Pentatricopeptide repeat (PPR) proteins are eukaryotic RNA binding proteins that are
especially prevalent in terrestrial plants. Members of the PPR family in plants can be
classified into two distinct subfamilies, the P subfamily and the PLS subfamily. A subclass of
PLS subfamily PPR proteins contain a novel C-terminal domain, named the DYW deaminase
domain due to its conserved terminal aspartate (D), tyrosine (Y), tryptophan (W) triplet.

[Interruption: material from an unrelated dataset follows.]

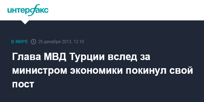 "Я обратился к премьеру (Реджепу Тайипу Эрдогану. - ИФ) с прошением об отставке в устной форме еще 17 декабря. Теперь я подал аналогичное прошение в письменном виде", - приводит издание слова главы турецкого МВД.

DYW type PPR proteins are implicated as trans-factors in C to U RNA editing in plant
chloroplasts and mitochondria, although structural and mechanistic information about this
process is lacking. To address this, we have expressed and purified a recombinant
Arabidopsis thaliana DYW-type protein, AEF3, as an N-terminal His 6 -Maltose Binding
Protein (MBP) fusion construct on amylose resin. However, Size Exclusion Chromatography
coupled Multi-Angle Light Scattering (SEC-MALS) data suggests that this fusion protein
aggregates into large complexes in the MDa mass range (> 10 6 Da). In addition, the fusion
protein precipitates upon removal of the His 6 -MBP fusion tag with Tobacco Etch Virus
(TEV) protease when analysed by SDS-PAGE likely linked to its aggregating behaviour as a
purified fusion. This behaviour upon TEV protease treatment has been utilised to develop an
SDS-PAGE based assay to identify conditions where the aggregation state of the protein has
been improved. Stable cleaved AEF3 is desired to be used for X-ray Crystallography, and for
Small Angle X-ray Scattering experiments, to obtain structural data on this DYW-type PPR
protein and it’s RNA binding and editing mechanisms.